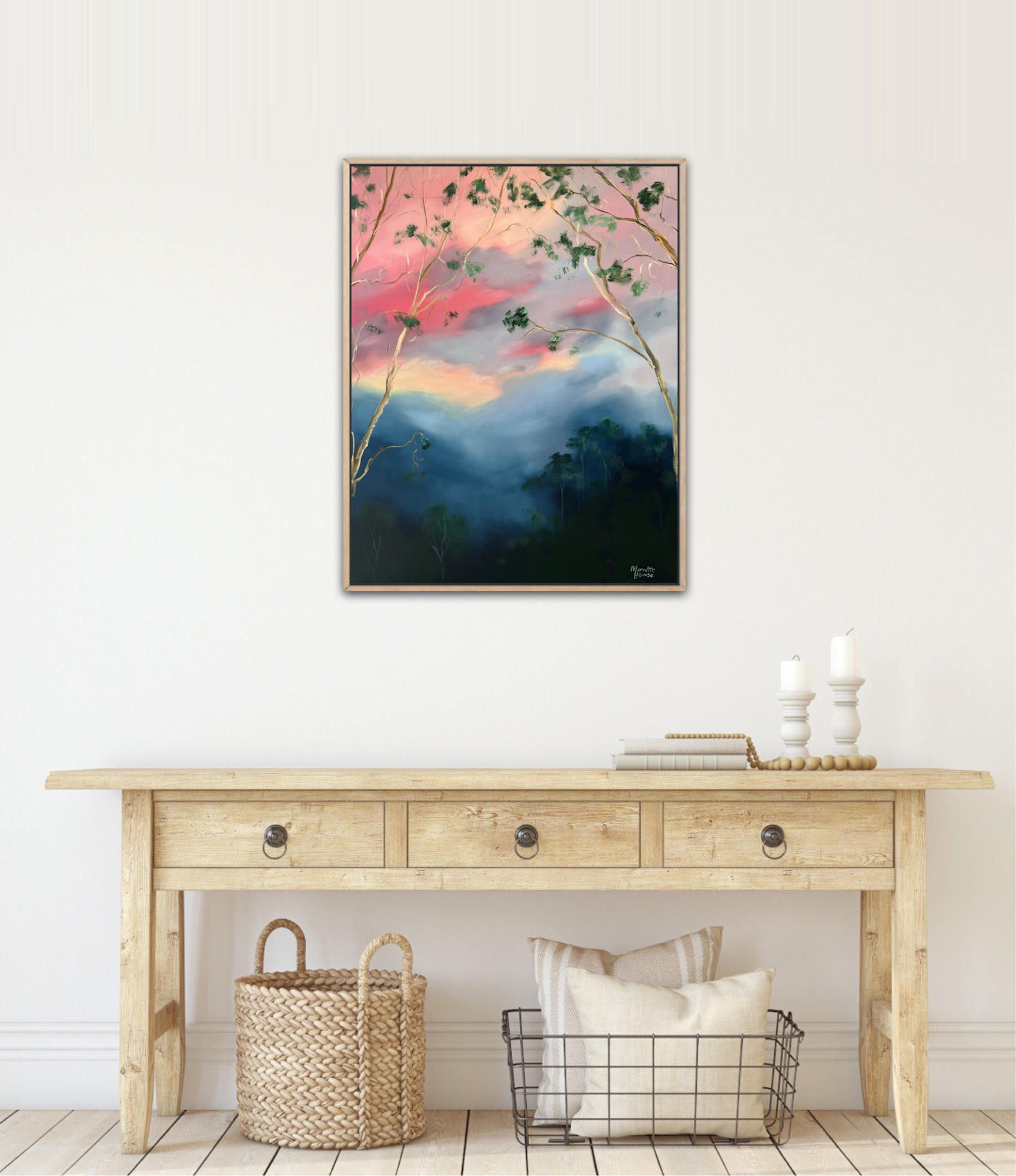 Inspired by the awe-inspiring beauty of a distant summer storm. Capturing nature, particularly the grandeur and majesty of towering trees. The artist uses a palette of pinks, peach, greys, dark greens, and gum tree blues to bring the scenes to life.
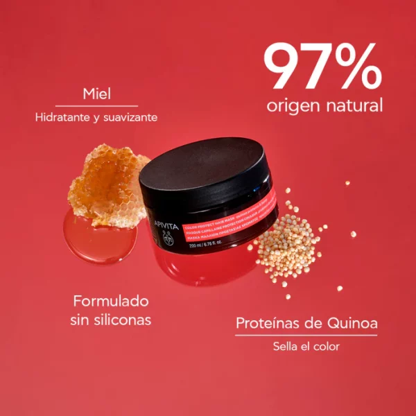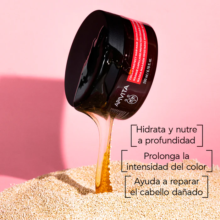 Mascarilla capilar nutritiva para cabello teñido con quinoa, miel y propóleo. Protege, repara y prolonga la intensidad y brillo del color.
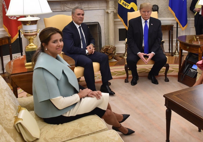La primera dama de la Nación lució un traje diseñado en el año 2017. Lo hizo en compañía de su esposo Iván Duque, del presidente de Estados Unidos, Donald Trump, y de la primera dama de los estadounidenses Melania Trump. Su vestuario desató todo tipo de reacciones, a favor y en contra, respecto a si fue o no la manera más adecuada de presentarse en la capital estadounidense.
:::
* _WHAT TO WORK ON_: Without any pictures, output exactly the lines from the start of the material through the line that contains "Mascarilla capilar nutritiva", and only those.

* _ANSWER FOR THE TASK_:
 Inspired by the awe-inspiring beauty of a distant summer storm. Capturing nature, particularly the grandeur and majesty of towering trees. The artist uses a palette of pinks, peach, greys, dark greens, and gum tree blues to bring the scenes to life.
 Mascarilla capilar nutritiva para cabello teñido con quinoa, miel y propóleo. Protege, repara y prolonga la intensidad y brillo del color.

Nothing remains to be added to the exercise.